Anyone that says this is a shitlord and should be treated as such. It's fine if you want to keep it short, but you need to get to the problem right away rather than at the end. When you write such a small story like that, it's important to establish the problem immediately to hook them, then bring on the jokes after that. If you made it longer, you could do a little more buildup before throwing out the problem.

All in all I think you can do better judging by a few things I noticed, you just need to write more.
and there's nothing wrong with traditional greentext other than the fact that it's been done for so long that it's gotten stale. If you want more readers, you need to do something else.

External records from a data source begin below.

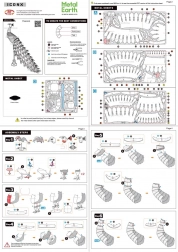 Sestavení probíhá z ocelových plátků (21 × 11 cm) pomocí chytrých zámků – bez lepidla. Stačí vyjmout dílky, zasunout je do připravených otvorů a zobáčky ohnout kleštěmi. Balení obsahuje 3 velké a 1 malý ocelový plátek a přehledný návod; doporučeny jsou malé kleště a štípací nůžky.
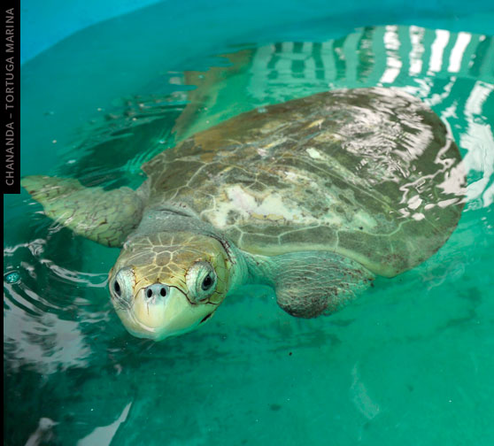 Esta tortuga tiene ocho años de vivir en el Parque Marino del Pacífico. Es oriunda de Limón y no puede volver a la naturaleza porque es ciega y le falta una de sus patitas.
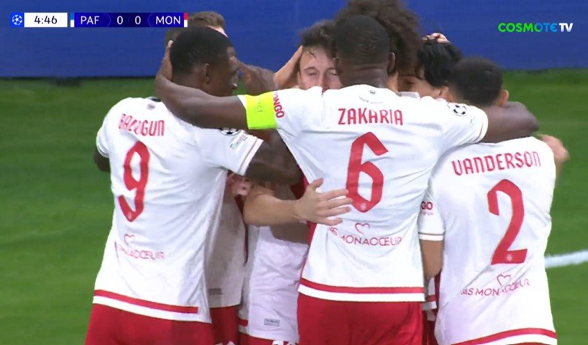 ΠΑΦΟΣ – ΜΟΝΑΚΟ: Το πρώτο γκολ της βραδιάς έρχεται για τη Μονακό με το Μιναμίνο στο 5ο λεπτό. Ισοφαρίζει με Νταβίντ Λουίζ η Πάφος, όμως η Μονακό ανακτά το προβάδισμα με τον Μπαλόγκουν στο 26'
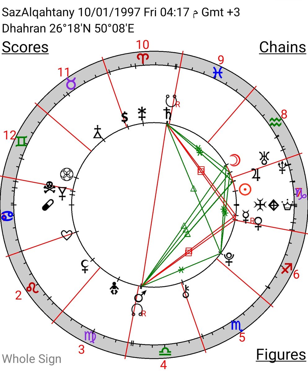 ساعة الولادة غير معروفة ،حطيتها طالع السرطان بالتقريب بحيث يكون الدلو هو الثامن وعبور كوكب سلبي فيه دلالة الوفاة ، ولكن كان لابد من وجود دلالة الوفاة في حادث سير او على الطريق أو صدمة أو بحريق وخنق وكل ذي الأشياء ما أدخل في تفاصيلها ، لأنه من سياستي عدم التطرق لموضوع الموت

>This is the idea of my Anon, just your average guy, always up in his thoughts, when the action of the story requires full concentration from him, reforming him for the better in the time of his tranformation

That's what I figured, but like I mentioned before, what he was thinking and doing is unoriginal. You've got to give him some personality besides wanting some poon and his wacky thoughts. It's not realistic at all, at least not in the style you were writing.
Here's what I recommend you do away with ASAP:

Get rid of the explanation in the beginning, you don't need it if your story is doing its job, which is telling a story.

Stop starting stories with >Be Anon. It does nothing to drive your story forward. We all should know who the main character is in the first line, but it should also kick off the story, which you do on line 21.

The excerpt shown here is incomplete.